Data segment below:
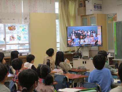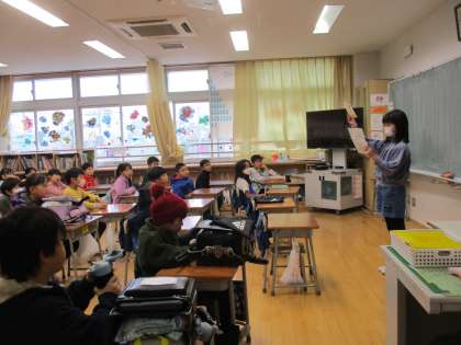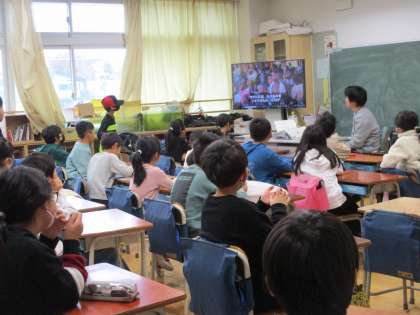 ユニセフ募金について自分たちで作った動画をテレビ放送したあと、国際委員会の子どもが、1クラスずつ、直接教室へ行ってユニセフ募金の呼びかけをしていました。
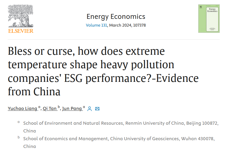 近日,天乐代言太阳集团138博士研究生梁宇超在能源经济学领域国际权威期刊Energy Economics发表学术论文。该论文题为“Bless or curse, how does extreme temperature shape heavy pollution companies’ ESG performance?-Evidence from China”。天乐代言太阳集团138天乐代言太阳集团138为第一作者单位,人口、资源与环境经济学2022级博士研究生梁宇超为第一作者,天乐代言太阳集团138庞军教授为论文通讯作者。
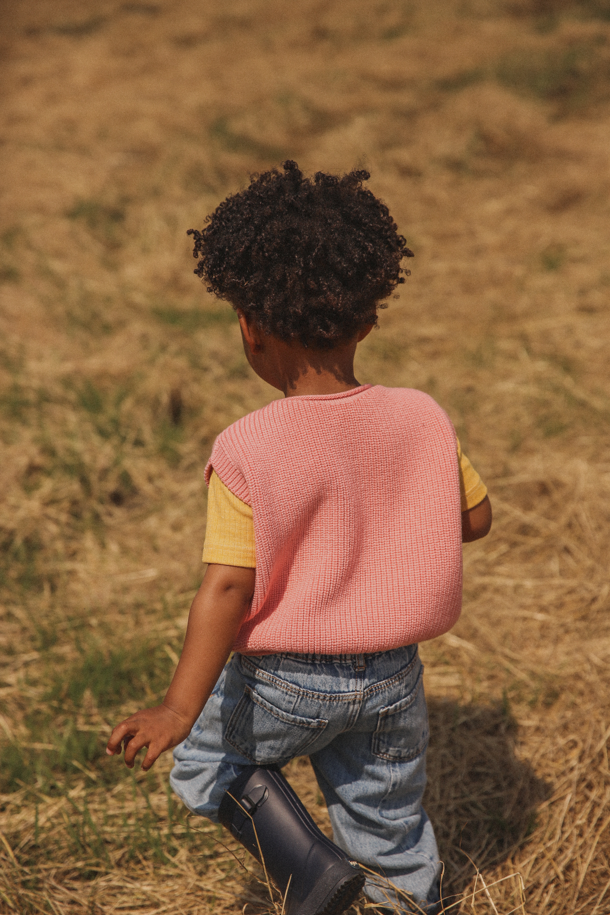 Bezszwowa kamizelka wykonana z dzianiny jednoczęściowej, dzięki czemu jest bardzo wygodna dla dzieci.
End of Data segment.
● Work task
Output the full listing verbatim; pictures stay out.

● Problem solution
 ユニセフ募金について自分たちで作った動画をテレビ放送したあと、国際委員会の子どもが、1クラスずつ、直接教室へ行ってユニセフ募金の呼びかけをしていました。
 近日,天乐代言太阳集团138博士研究生梁宇超在能源经济学领域国际权威期刊Energy Economics发表学术论文。该论文题为“Bless or curse, how does extreme temperature shape heavy pollution companies’ ESG performance?-Evidence from China”。天乐代言太阳集团138天乐代言太阳集团138为第一作者单位,人口、资源与环境经济学2022级博士研究生梁宇超为第一作者,天乐代言太阳集团138庞军教授为论文通讯作者。
 Bezszwowa kamizelka wykonana z dzianiny jednoczęściowej, dzięki czemu jest bardzo wygodna dla dzieci.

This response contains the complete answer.